**Exercise materials**:
▶
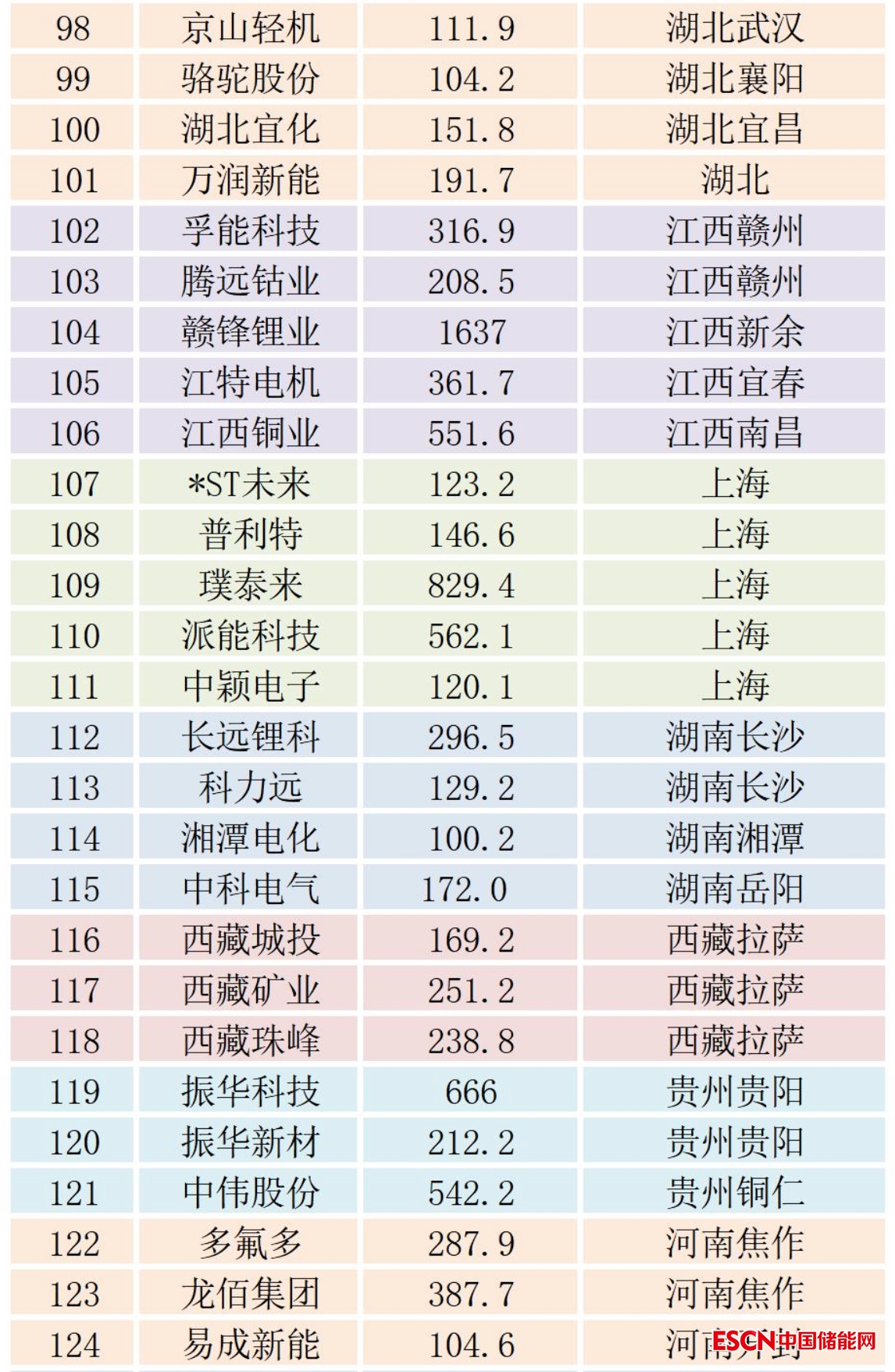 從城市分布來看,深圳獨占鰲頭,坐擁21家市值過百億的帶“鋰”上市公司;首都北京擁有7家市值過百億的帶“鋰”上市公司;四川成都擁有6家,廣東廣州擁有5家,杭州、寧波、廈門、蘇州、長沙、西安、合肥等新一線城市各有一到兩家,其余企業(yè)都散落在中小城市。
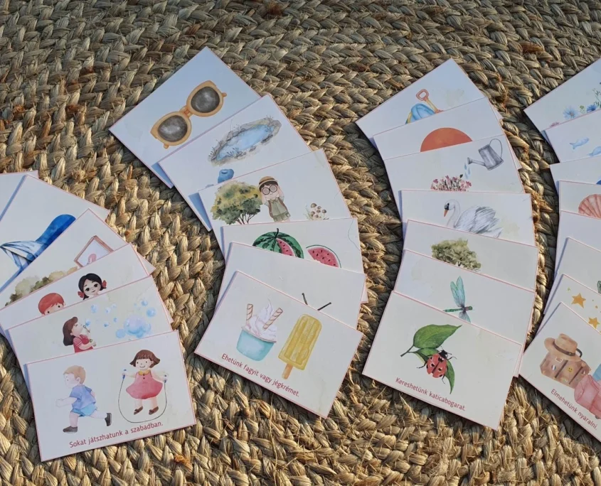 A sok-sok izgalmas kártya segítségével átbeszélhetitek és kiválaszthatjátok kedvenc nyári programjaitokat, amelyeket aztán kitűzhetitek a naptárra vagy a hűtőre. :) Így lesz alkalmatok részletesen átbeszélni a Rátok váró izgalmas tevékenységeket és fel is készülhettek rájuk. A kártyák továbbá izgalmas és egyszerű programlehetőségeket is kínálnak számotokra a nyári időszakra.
◀
▶
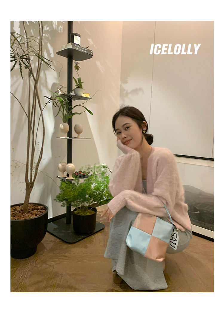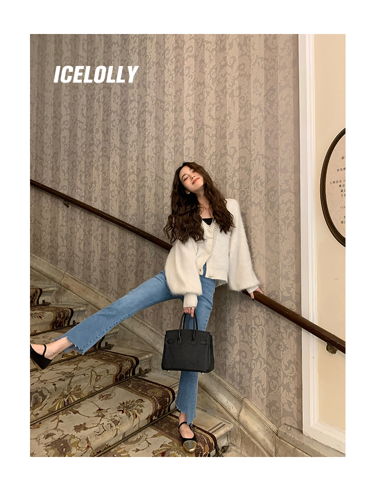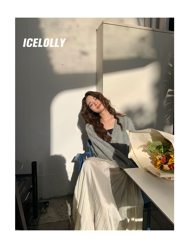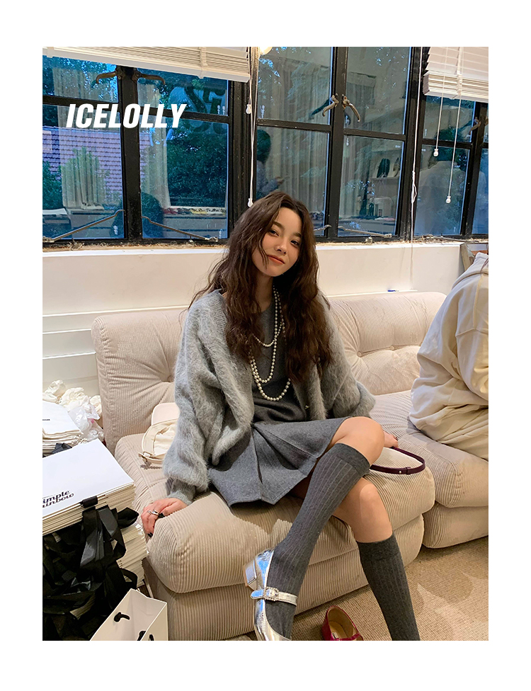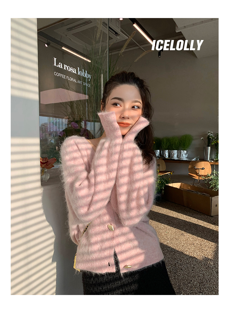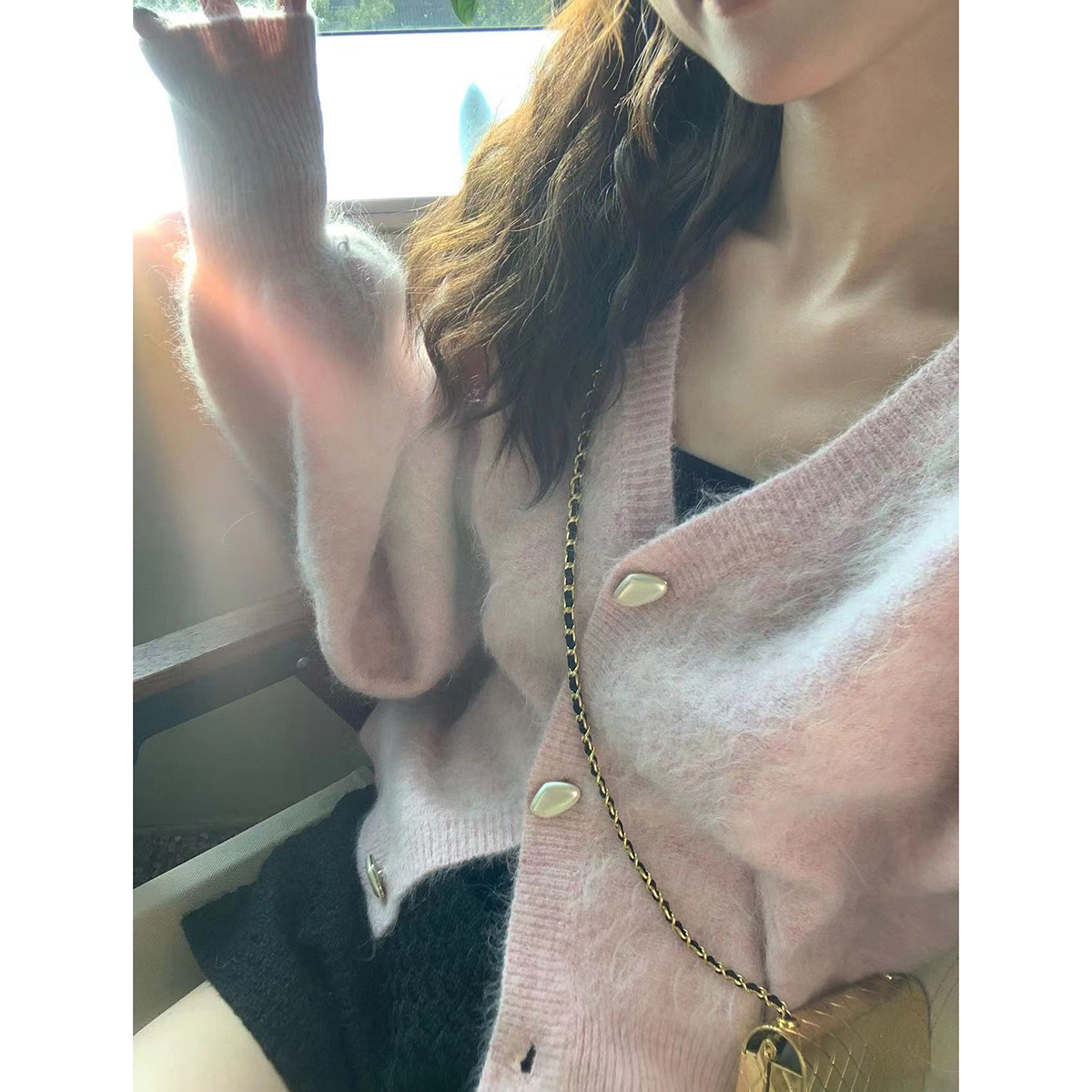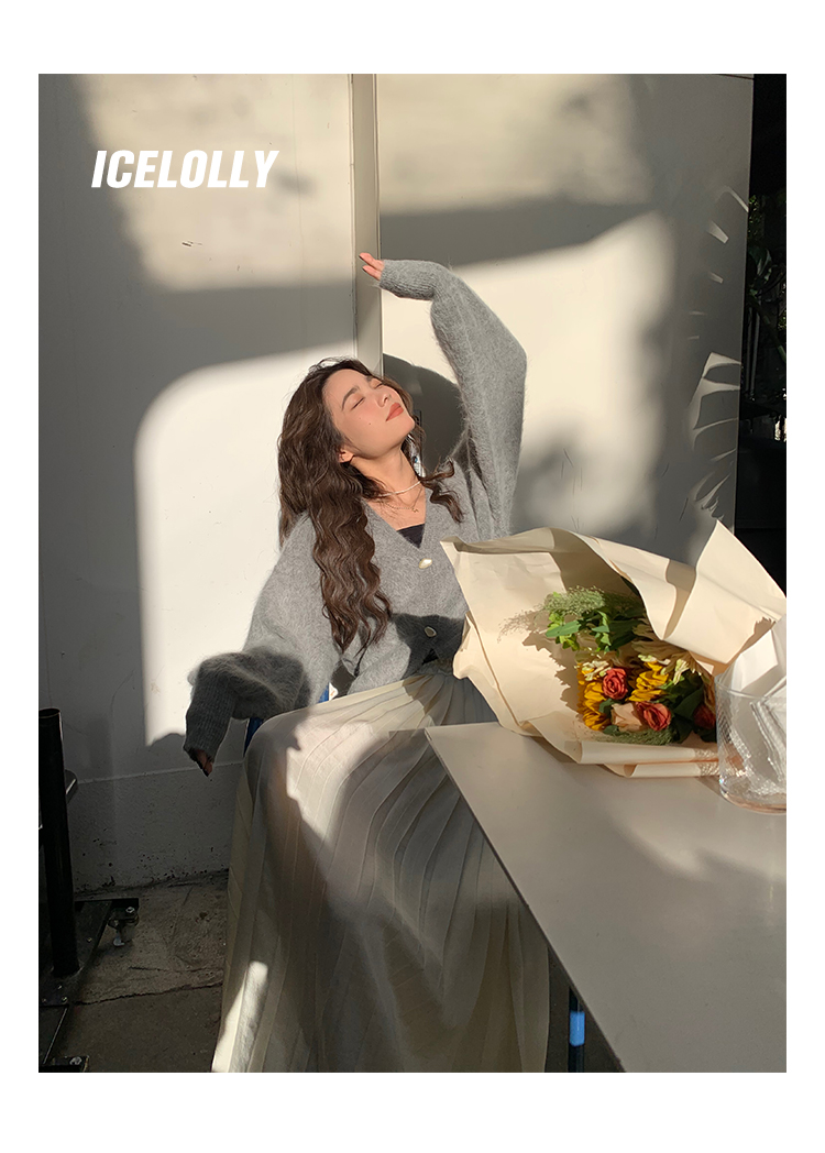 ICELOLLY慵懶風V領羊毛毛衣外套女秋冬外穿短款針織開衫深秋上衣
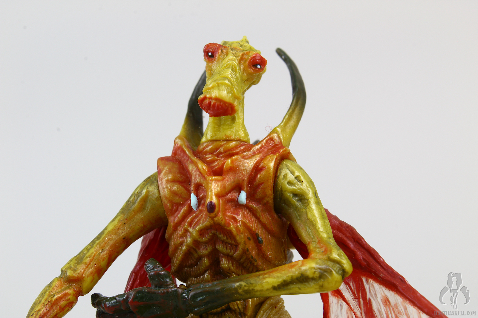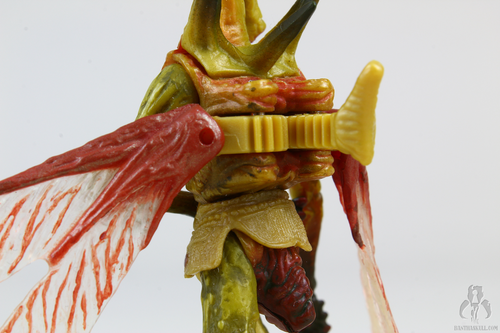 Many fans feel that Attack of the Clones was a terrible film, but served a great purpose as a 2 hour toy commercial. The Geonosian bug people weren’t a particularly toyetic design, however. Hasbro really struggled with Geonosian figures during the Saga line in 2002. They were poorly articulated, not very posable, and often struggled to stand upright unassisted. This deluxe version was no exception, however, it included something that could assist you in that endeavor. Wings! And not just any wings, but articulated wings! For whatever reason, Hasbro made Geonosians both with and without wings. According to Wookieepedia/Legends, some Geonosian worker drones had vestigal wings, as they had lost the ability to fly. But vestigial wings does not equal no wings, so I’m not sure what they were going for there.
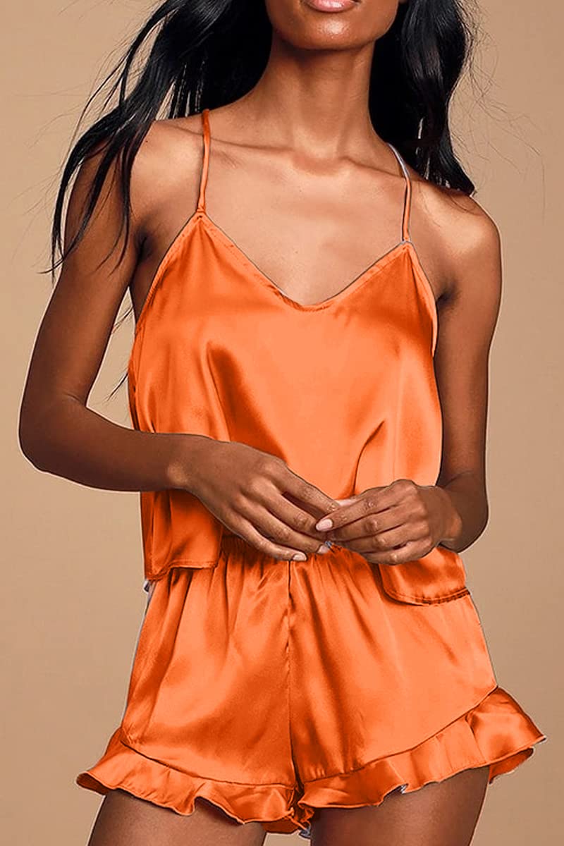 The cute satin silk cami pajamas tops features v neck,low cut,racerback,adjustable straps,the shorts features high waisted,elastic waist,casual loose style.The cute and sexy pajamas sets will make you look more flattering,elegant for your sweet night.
◀
▶
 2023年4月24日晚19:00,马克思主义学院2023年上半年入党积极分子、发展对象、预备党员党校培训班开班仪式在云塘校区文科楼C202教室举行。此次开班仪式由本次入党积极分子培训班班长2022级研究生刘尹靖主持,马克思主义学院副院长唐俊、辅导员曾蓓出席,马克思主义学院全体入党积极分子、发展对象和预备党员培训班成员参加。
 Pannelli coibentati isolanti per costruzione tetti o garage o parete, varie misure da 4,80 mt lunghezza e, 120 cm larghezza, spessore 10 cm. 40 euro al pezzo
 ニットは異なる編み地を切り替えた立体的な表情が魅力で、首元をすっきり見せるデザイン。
◀
**Try it**: Above, find the line holding "從城市分布來看,深圳獨占鰲頭" and the line holding "A sok-sok izgalmas". Print exactly those two lines and every line between them, but no pictures.

**Completed exercise**:
 從城市分布來看,深圳獨占鰲頭,坐擁21家市值過百億的帶“鋰”上市公司;首都北京擁有7家市值過百億的帶“鋰”上市公司;四川成都擁有6家,廣東廣州擁有5家,杭州、寧波、廈門、蘇州、長沙、西安、合肥等新一線城市各有一到兩家,其余企業(yè)都散落在中小城市。
 A sok-sok izgalmas kártya segítségével átbeszélhetitek és kiválaszthatjátok kedvenc nyári programjaitokat, amelyeket aztán kitűzhetitek a naptárra vagy a hűtőre. :) Így lesz alkalmatok részletesen átbeszélni a Rátok váró izgalmas tevékenységeket és fel is készülhettek rájuk. A kártyák továbbá izgalmas és egyszerű programlehetőségeket is kínálnak számotokra a nyári időszakra.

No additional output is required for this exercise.